Mesa, Arizona, 2005
Lisbon, Portugal, circa 1930

Dear Fernando Pessoa,

I almost love you.

Lately, in fact, I've found myself having "conversations” with you. You look, in my mind’s eye, just like you did in early photographs—a dark suit, a fat cigar between the fingers of your left hand. You've got one eye looking at me; the other is over the cobbled streets where people pass by, oblivious to us. You seem depressed.

The year is 1930 and you will be dead soon. Actually, that’s not entirely true: You still have five more years to live.

You and I are sitting at a small, iron table in a tiny café in Lisbon. We are on the patio; you've just completed your journal entry for the day. I wonder if I can see it, and you slide the notebook across the table without uttering a word.

Somebody endlessly keeps our coffee cups filled. I don't know who it is. I can't see them. I can only sense them after they've come and gone. And this feeling, this contradiction, this present absence, so to speak, reminds me of something you wrote, not that long ago: "We never love anyone. We love only our idea of what someone is like. We love an idea of our own; in short, it is ourselves that we love.”

A bearded man sits at the table next to us. He is reading a thick volume of poetry while he eats his lunch. I am trying to figure out who the author is. I'm almost sure it's Whitman.

"What book is he reading?" I ask you, pushing my chin towards the bearded man. The question seems to confound you, as if I’ve suddenly made an appearance, as if this weren’t my fantasy anymore. You've materialized me. I'm not dreaming (not alone, anyway). This is truly 1930, and you’re, in fact,Fernando Pessoa, the sad poet wearing his sad suit.

And I am… Well, I am this sort of yet-to-be born presence, one of your contradictory truths, an illusion, a phantom. Still, you are only partly assured. You glance over your shoulder, bring your hovering, watchful eye into focus. Now, with both eyes upon me, the corners of your mouth loosen. I loosen too, like an ideal figment of imagination. We rejoice at how easy it is to dream.

The bearded man finishes his lunch. He gets up to leave and I can see he has an elated mind. His thoughts flicker behind his eyes like flames.
Still, not satisfied, you rub your forehead with both of your hands, fingers pressing the skin there into lines. The bearded man gathers his things, his book, his overcoat. I can now see that he walks with a cane.

When you see him leave, you too, gather your things—your notebook, your overcoat, your difficult-to-read thoughts. You continue to rub your brow, as if the ache in your head is too much to ignore. An entire universe is waiting for you along Rua dos Douradores.

In 1982, 47 years after your death, your "The Book of Disquiet” will be published. In it, there will be a fragmented gathering of many of your journal entries, which, I understand, you have been actively engaged in writing since 1912.You give credit to a semi-heteronym, Bernardo Soares, whom you claim was a simple mutilation of your own personality. You, "minus reason and affectivity.”
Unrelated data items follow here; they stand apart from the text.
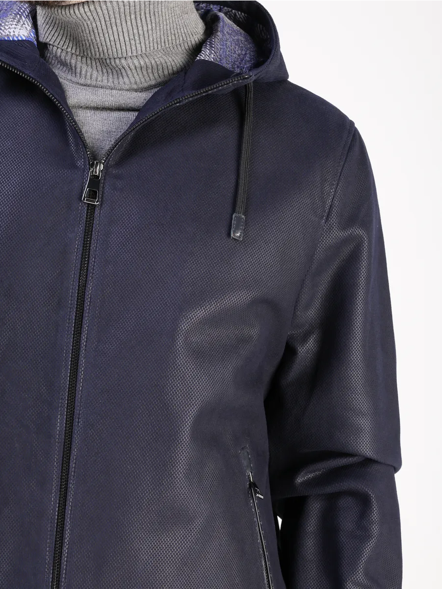 Куртка кожаная мужская демисезонная из натуральной замши имеет длину по спинке 70 см, утягивающие трикотажные манжеты, и несъемный капюшон на кулисках что обеспечивает идеальную защиту от холода, прекрасно подходить под классический и повседневный стиль одежды в прохлодное лето. Застежка на молнии и прорезные карманы на молнии добавляют функциональности и практичности.
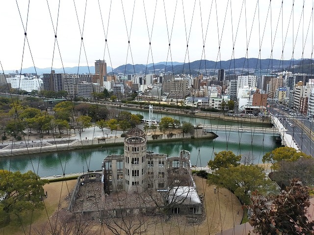 あまり高くないですが、広島市街が一望でき、広島城、原爆ドーム、宮島の弥山など見えます。でも、網がかかっているので、1階降りたおりづる広場の方がガラス張りで遮るものがないので、見晴らしが良かったです。爆心地が見えたり、原爆ドームを上から見ることができます。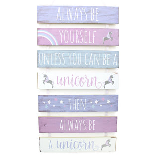 This gorgeous 7-tier multi-slatted wood sign, featuring a humorous and uplifting unicorn quote, is a great accessory for that magical unicorn themed nursery or kids room. This pretty piece of décor will add a touch of sparkle to any room!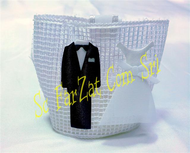 Marturie nunta gentuta alba ornata cu imitatie de rochie de mireasa si costum de ginere reprezinta un cadou elegant si sofisticat, precum si o amintire a fericitului eveniment la care s-a participat.

When I see you step out into the courtyard, the sun piling up in the trees, hat on your head to cap the pressure, I step out too. As your footsteps recede up the road back to your office, words fall over your shoulders. I pick them up, even though I can't read them in the original Portuguese.

I call out your name one more time, but you don’t look back, not to thank me, not to say goodbye.

Years will go by, and, often, when I'm "high up in that lonely night,” I will think of you, and carefully whisper cheerful words, so that just you can hear them. Wherever you are.